Second, many students are naïve. They don't realise that the cheating service can blackmail them. They think they are playing a different game, where they get to choose between the payoff of 50 (from engaging in contract cheating) and the payoff of 15 (from not engaging in contract cheating). The grey strategy and outcome are hidden from them. These naïve students think they are better off cheating, and will do so.

Third, this is actually a repeated game, because it is played over and over for each assessment that a student completes. That changes the incentives for the cheating service. Once a cheating service blackmails a student, the student probably isn't going to go back to that service. That means that the cheating service will receive a one-off payoff of 100. However, if the cheating service can encourage the student to return for more assessments, the cheating service will receive a payoff of 60 from every play of the game. Using the (made up) numbers from the game above, the cheating service only needs the student to pay twice in order to make them better off than they would be by blackmailing automatically. Strategically, the cheating service would therefore be better off overall by not blackmailing the student in each play of the game.

The repeated nature of the game affects naïve and rational students differently. The naïve students didn't realise that blackmail was an option at all, so from their perspective nothing has changed. The rational students may be tempted to engage in some contract cheating, even though they realise that the cheating service could engage in blackmail.

Of course, you can probably see where all this is going. The repeated game where the cheating service avoids engaging in blackmail only exists in an infinitely repeated game. However, this game is not infinitely repeated, because eventually the student is going to graduate, after which they won't need the contract cheating service any more. The contract cheating service has a strong incentive to string the student along, extracting fees from each assessment, and collecting evidence of the student's cheating, before blackmailing them in the last play of the game (which might even be after the student has graduated!).

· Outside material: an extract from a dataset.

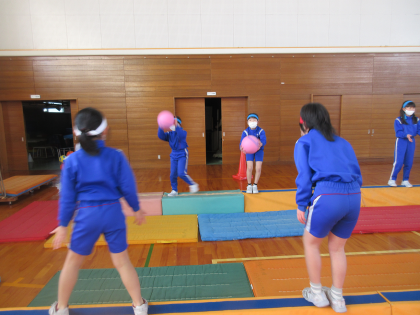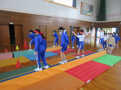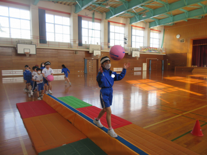 体育科では、平均台を使って体のバランスをとる運動をしました。平均台を色々な歩き方で渡り、頑張ってバランスをとっていました。ボールをキャッチしながら渡るという技にもチャレンジしました。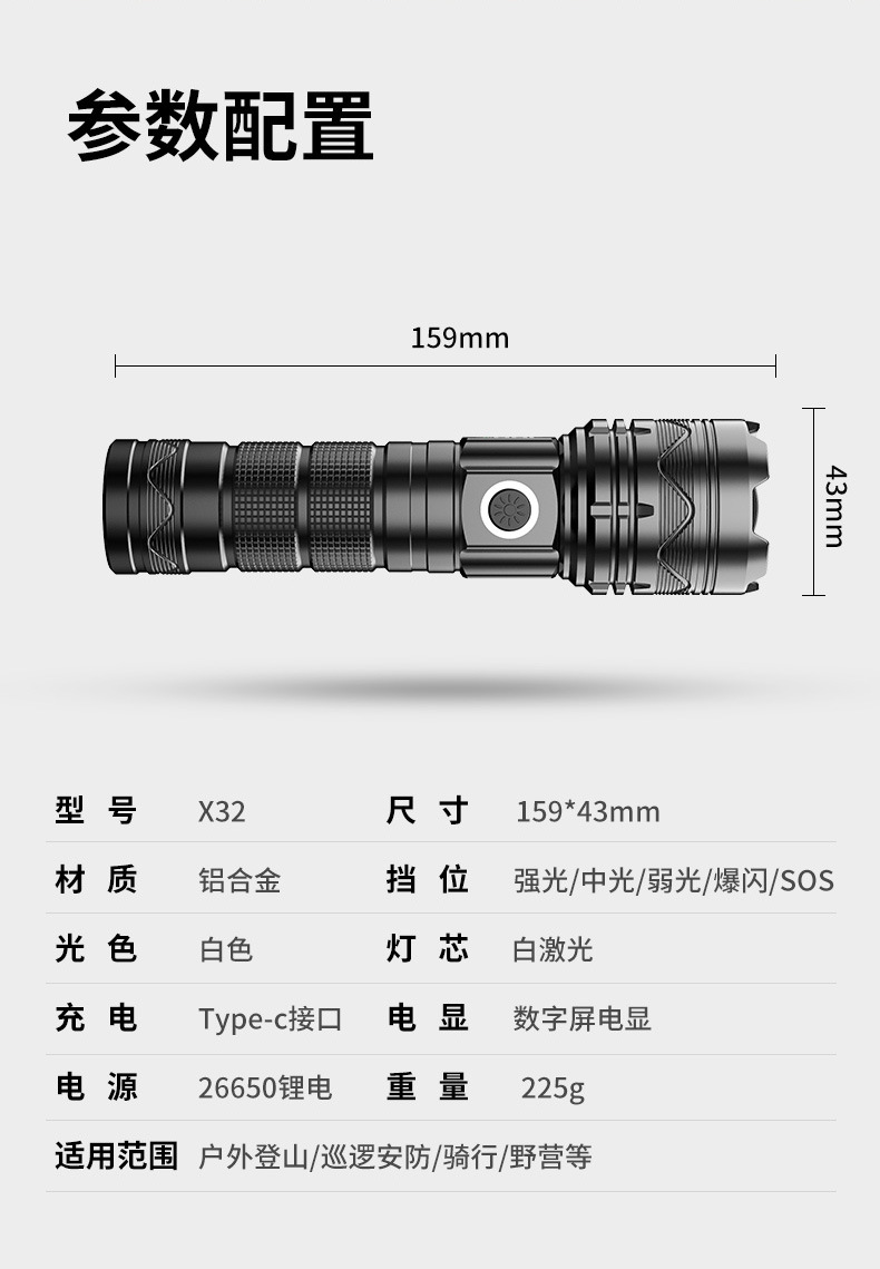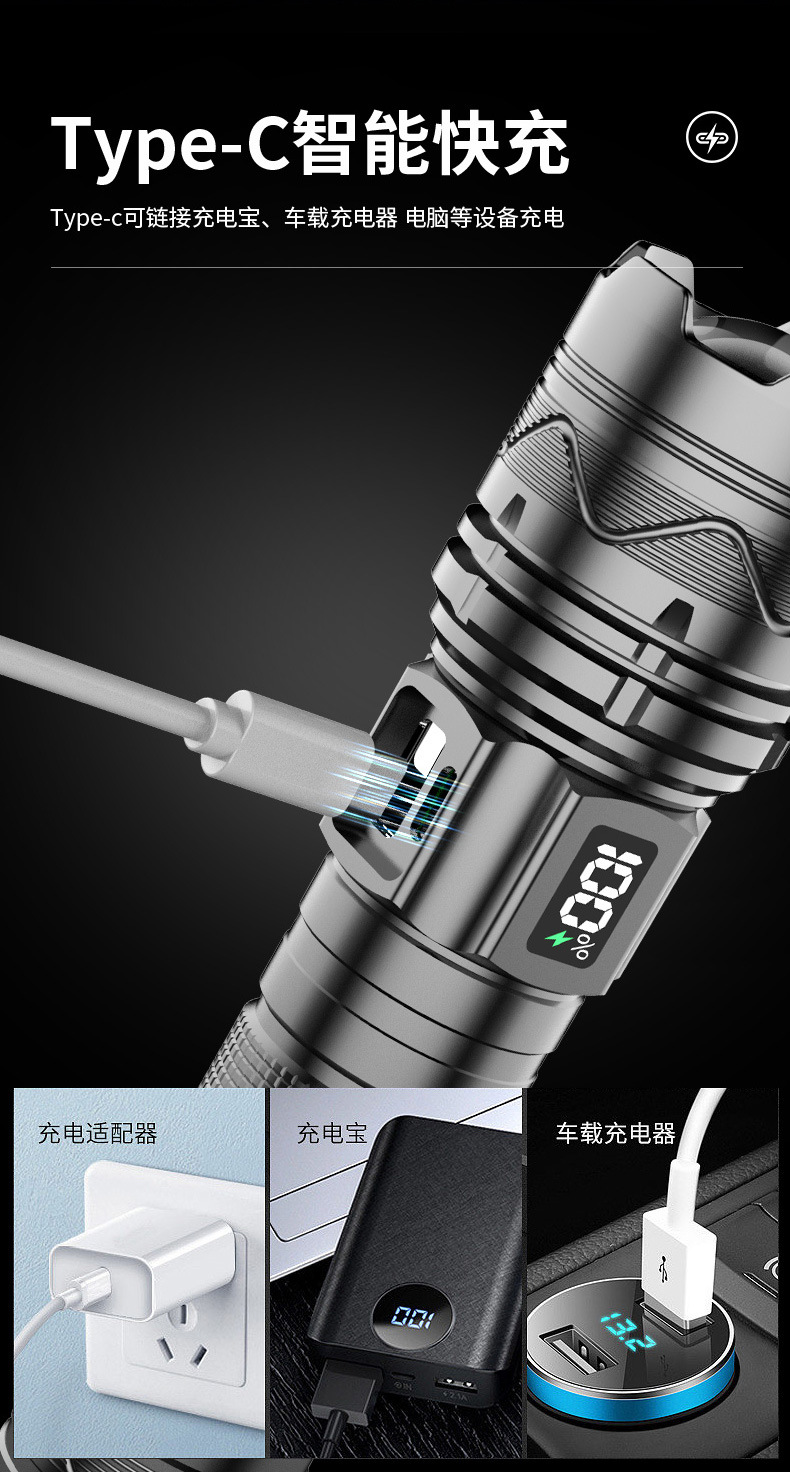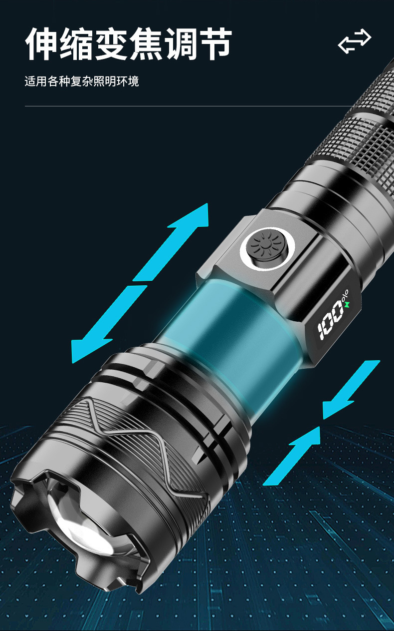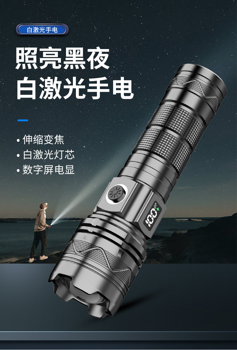 LCD pantalla digital linterna de aleación de aluminio telescópica zoom láser linterna de largo alcance brillante luz fuerte linterna portátil

In this finitely repeated game, the naïve students are hurt tremendously. At least if the game was not repeated, they get blackmailed in the first play. However, this finitely repeated game maximises the profits of the cheating service, by keeping the naïve student in the game until the very end. For the rational students, hopefully they are rational enough not only to recognise the possibility of blackmail, but also the end of game problem.

How can universities help students and mitigate the problem of blackmail from contract cheating services? Most universities now require students to complete an academic integrity module at the start of their studies, which impresses upon them that cheating (of various forms) is not allowed. One component of those programmes should certainly be (as discussed by Yorke et al.) to discuss with students the possibility of blackmail by contract cheating services, and how widespread (and growing) the practice is. At the very least, that will convert naïve students into more rational students by making them realise the full game that they are playing with the contract cheating services.